THE PROBLEM >>
When writing out the entries below, keep only the lines from the line with "Poole lost 1-0" to the line with "2. 스프링 컨테이너는", both included, exactly as they are, and leave the pictures aside.

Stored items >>
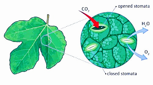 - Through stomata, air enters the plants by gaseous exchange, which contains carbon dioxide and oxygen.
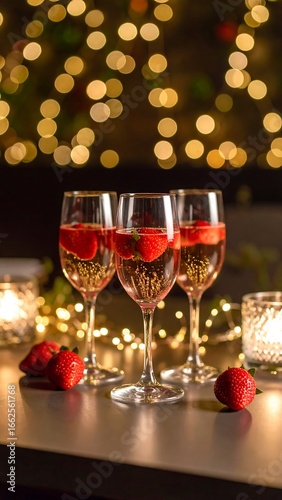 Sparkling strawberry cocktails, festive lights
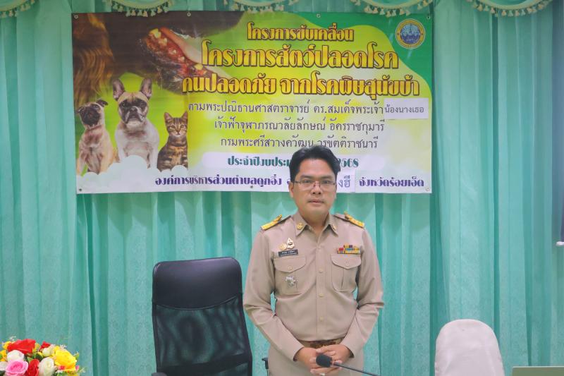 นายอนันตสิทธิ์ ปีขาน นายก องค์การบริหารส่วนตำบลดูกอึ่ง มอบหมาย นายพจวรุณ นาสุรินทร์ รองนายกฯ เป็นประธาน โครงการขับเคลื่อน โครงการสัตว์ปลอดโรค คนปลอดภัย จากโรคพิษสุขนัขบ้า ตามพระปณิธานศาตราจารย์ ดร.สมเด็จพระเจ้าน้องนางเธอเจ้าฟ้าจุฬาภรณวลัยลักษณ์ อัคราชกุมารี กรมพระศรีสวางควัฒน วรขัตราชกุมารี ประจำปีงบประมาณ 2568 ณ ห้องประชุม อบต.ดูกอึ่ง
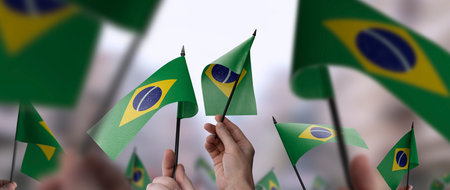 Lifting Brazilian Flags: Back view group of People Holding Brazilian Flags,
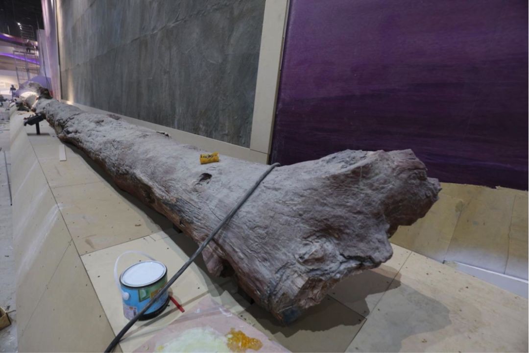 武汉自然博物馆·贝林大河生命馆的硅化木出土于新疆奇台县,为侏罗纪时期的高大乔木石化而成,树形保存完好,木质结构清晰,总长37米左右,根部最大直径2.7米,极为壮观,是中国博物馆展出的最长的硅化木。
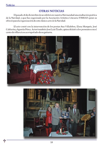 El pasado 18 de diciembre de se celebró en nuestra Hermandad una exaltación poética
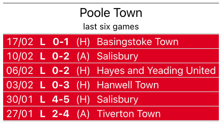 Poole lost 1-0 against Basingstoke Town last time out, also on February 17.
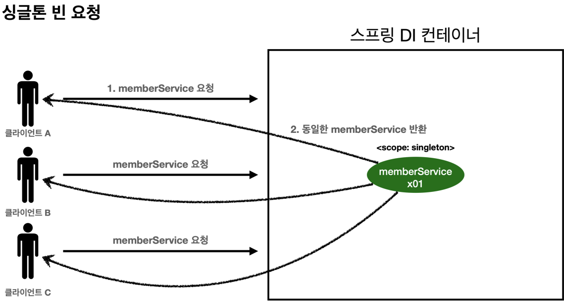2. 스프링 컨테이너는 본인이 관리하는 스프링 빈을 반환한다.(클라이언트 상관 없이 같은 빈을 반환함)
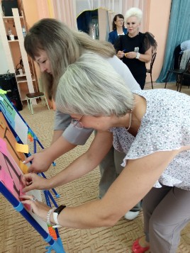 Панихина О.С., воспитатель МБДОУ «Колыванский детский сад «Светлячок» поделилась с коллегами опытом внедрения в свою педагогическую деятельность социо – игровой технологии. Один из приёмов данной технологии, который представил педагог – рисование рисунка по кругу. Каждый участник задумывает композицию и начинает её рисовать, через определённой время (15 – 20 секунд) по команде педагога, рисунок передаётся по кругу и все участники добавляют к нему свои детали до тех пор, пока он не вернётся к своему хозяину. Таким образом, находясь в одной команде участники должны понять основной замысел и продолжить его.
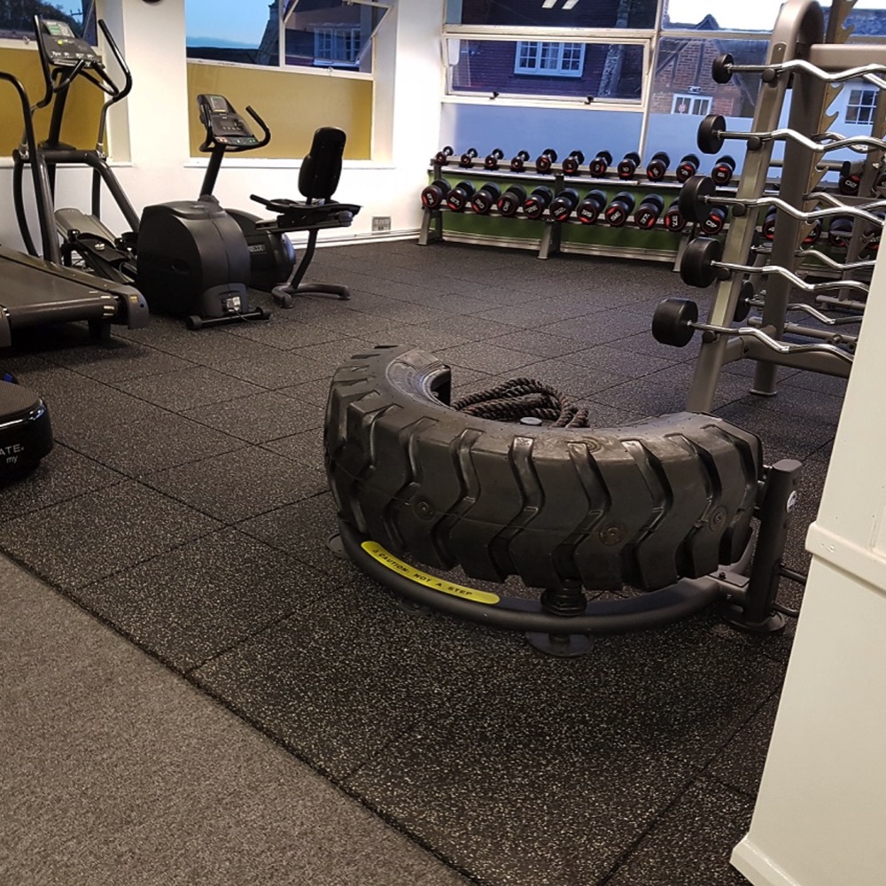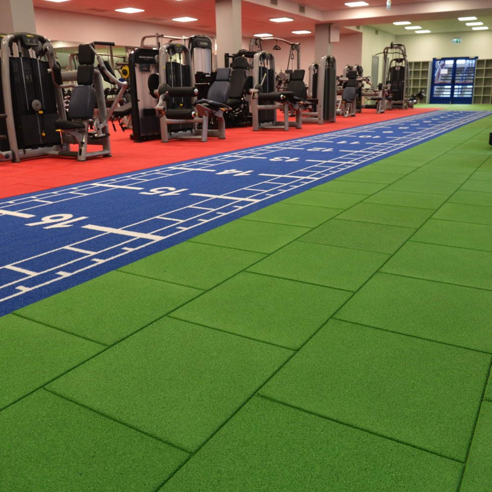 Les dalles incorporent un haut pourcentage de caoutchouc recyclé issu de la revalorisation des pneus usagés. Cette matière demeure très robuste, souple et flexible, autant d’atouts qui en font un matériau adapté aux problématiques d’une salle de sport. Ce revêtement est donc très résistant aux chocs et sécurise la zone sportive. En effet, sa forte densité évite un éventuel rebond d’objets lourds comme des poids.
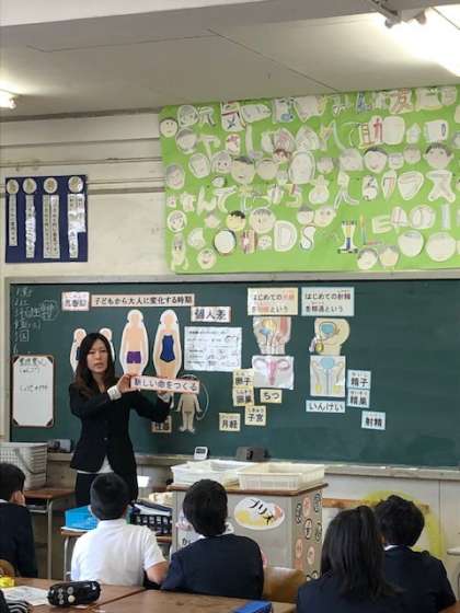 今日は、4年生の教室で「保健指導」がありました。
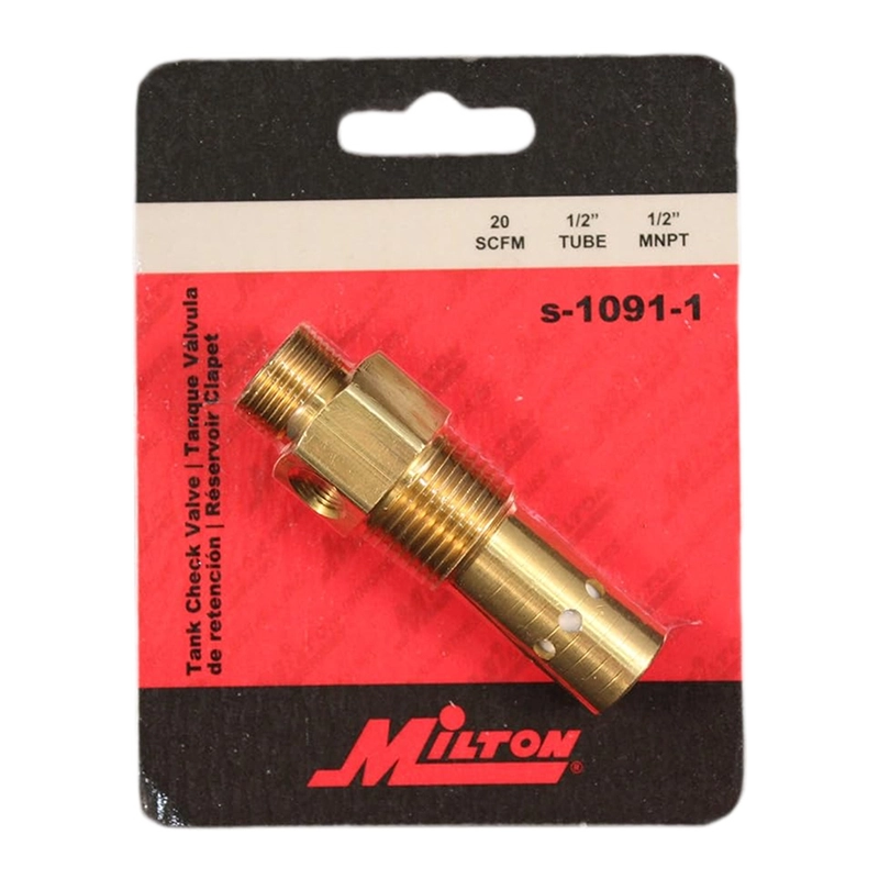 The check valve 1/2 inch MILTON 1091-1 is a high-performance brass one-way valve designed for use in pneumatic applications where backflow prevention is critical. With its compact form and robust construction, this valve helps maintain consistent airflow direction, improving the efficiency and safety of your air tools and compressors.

RESPONSE >>
 Poole lost 1-0 against Basingstoke Town last time out, also on February 17.
2. 스프링 컨테이너는 본인이 관리하는 스프링 빈을 반환한다.(클라이언트 상관 없이 같은 빈을 반환함)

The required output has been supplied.